On the other hand, the broad shRNA screen found that oxidative phosphorylation genes were key knockdown targets impairing the growth and/or viability of EpiR cells. We confirmed through functional assays that EpiR cells have elevated mitochondrial respiration rates compared to both Control and DoxR cells (Figure 3a,b), and that they have a markedly increased mitochondrial volume (Figure 3i) and OXPHOS capacity (Figure 3f-h).

We proposed that PGC-1α contribute to these distinct adaptations, given that it is known to regulate mitochondrial biogenesis (Wu, 1999, https://doi.org/10.1016/s00928674(00)80611-x), OXPHOS (Mootha, 2003, https://doi.org/10.1038/ng1180), and glutathione synthesis (Guo, 2018, https://doi.org/10.1016/j.nbd.2018.02.004). PGC-1α is also well known to have context-dependent roles in different tissues, cancer types, and in response to different treatments / stimuli (https://dx.doi.org/10.3389%2Ffonc.2018.00075). Indeed, EpiR cells had a significantly greater expression of PGC-1α (Figure 3j), commensurate with their elevated mitochondrial volume and OXPHOS rates, and knockdown of PGC-1α/β also significantly decreased the expression of glutathione synthesis genes particularly in DoxR cells (Figure 3o). Knockdown experiments shown in Figure 3l-n further present evidence that PGC-1α is required for survival of both resistant lines in the presence of their respective drug, despite different specific metabolic adaptations downstream.

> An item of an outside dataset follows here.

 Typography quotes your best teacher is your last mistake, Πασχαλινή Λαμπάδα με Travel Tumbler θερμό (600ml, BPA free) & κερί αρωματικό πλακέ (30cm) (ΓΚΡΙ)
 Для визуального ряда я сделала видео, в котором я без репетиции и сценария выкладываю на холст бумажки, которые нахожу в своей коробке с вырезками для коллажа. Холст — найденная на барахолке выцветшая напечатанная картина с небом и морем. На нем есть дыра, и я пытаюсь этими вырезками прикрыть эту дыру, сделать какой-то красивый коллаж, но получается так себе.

Might it be the case that their original control population of cells was heterogeneous and exposure of cells to drug over long periods of time simply selected those subclones that were resistant? In such a model, while one gene/metabolic phenotype may be essential to developing resistance (perhaps ABC transporters), the other genes/metabolic phenotypes could be random. Indeed, based on the limited amount of data shown from two experiments, it seems like the metabolic phenotypes of cells exposed to dox for long periods of time are different in separate experiments. For example, the isotope labeling shown in Figure 3 looks very different from the labeling shown in Figure 7. A recent study by Speirs and Price et al. ( doi: 10.18632/oncotarget.26533 ) did a similar experiment without drugs. After selecting subclones of cells from a culture, they found significant differences in metabolic phenotypes. It would be most interesting to compare the genetic and metabolic differences of resistance cells that were selected independently by drugs in separate experiments. This could help better resolve whether the differences observed are essential.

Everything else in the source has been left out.